Only the pictures are to be left out; write out the rest of the data exactly.

:: Data for analysis ::
________________
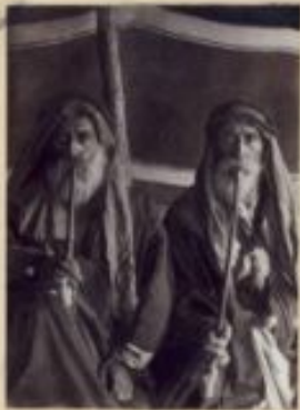
Stammesfürst des Stammes der Wahadat mit seinem Bruder
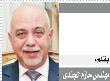
بقلم: مهندس حازم الجندى
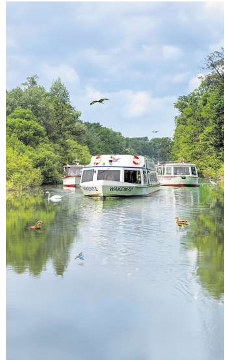
Natur, Geschichte und Genuss erleben – an Bord der Wakenitz Schifffahrt Quandt.
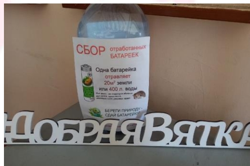
Сбор отработанных батареек

В 6 «в» классе прошёл мастер-класс по изготовлению народной куклы. Ребята познакомились с историей и традициями игрушечного ремесла, а также изготовили тряпичную куклу-кувадку.
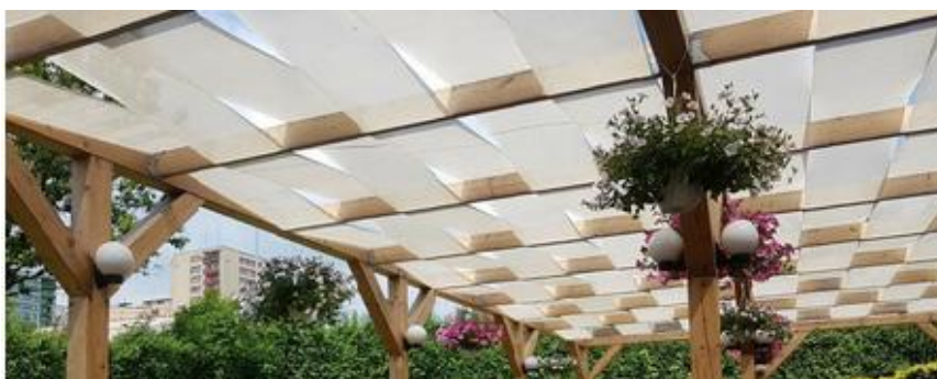
Rysunek 1. Pasy altanowe na konstrukcji.
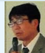
東京慈恵医科大学 水之江義充 教授
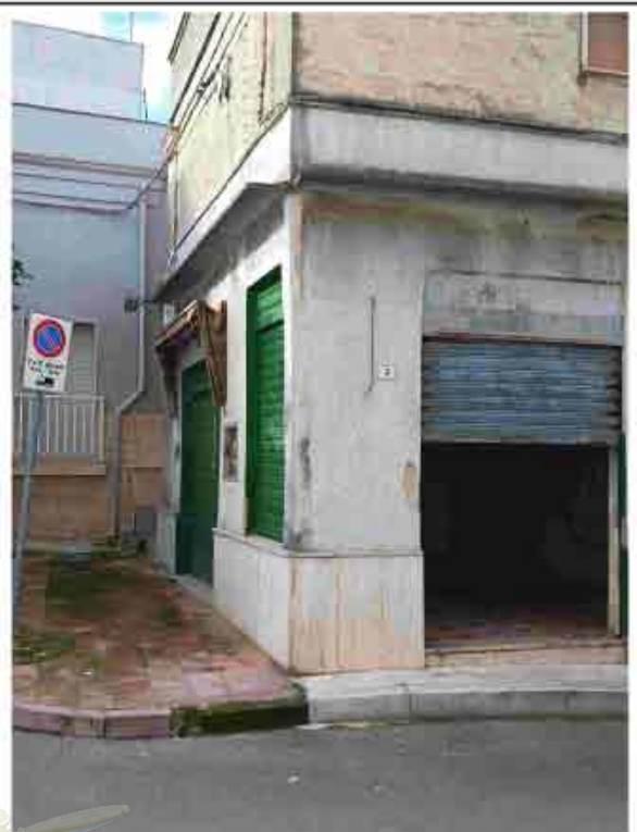
34. Prospetto su via Castriota ad angolo
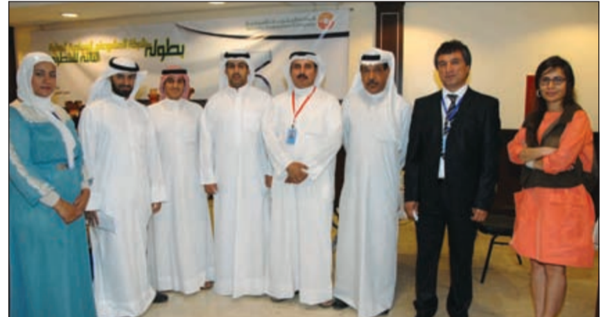
اللجنة المنظمة والحكام

الكويتي للألعاب الذهنية في نادي اليخوت أحد مرافق شركة المشروعات السياحية، وتتضمن البطولة فئة الرجال السيدات والناشئين وقد رصدت إدارة النادي جوائز قيمة للفائزين والفائزات
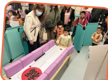
我們在玩冰壺接福奇趣樂
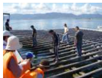
9月 本垂下作業の見学
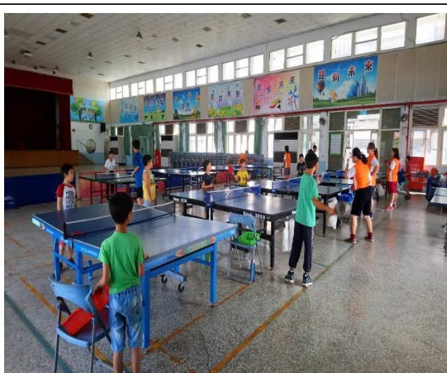
老師們一起加入桌球運動的行列
________________
:: Answer to the exercise ::
Stammesfürst des Stammes der Wahadat mit seinem Bruder
بقلم: مهندس حازم الجندى
Natur, Geschichte und Genuss erleben – an Bord der Wakenitz Schifffahrt Quandt.
Сбор отработанных батареек

В 6 «в» классе прошёл мастер-класс по изготовлению народной куклы. Ребята познакомились с историей и традициями игрушечного ремесла, а также изготовили тряпичную куклу-кувадку.
Rysunek 1. Pasy altanowe na konstrukcji.
東京慈恵医科大学 水之江義充 教授
34. Prospetto su via Castriota ad angolo
اللجنة المنظمة والحكام

الكويتي للألعاب الذهنية في نادي اليخوت أحد مرافق شركة المشروعات السياحية، وتتضمن البطولة فئة الرجال السيدات والناشئين وقد رصدت إدارة النادي جوائز قيمة للفائزين والفائزات
我們在玩冰壺接福奇趣樂
9月 本垂下作業の見学
老師們一起加入桌球運動的行列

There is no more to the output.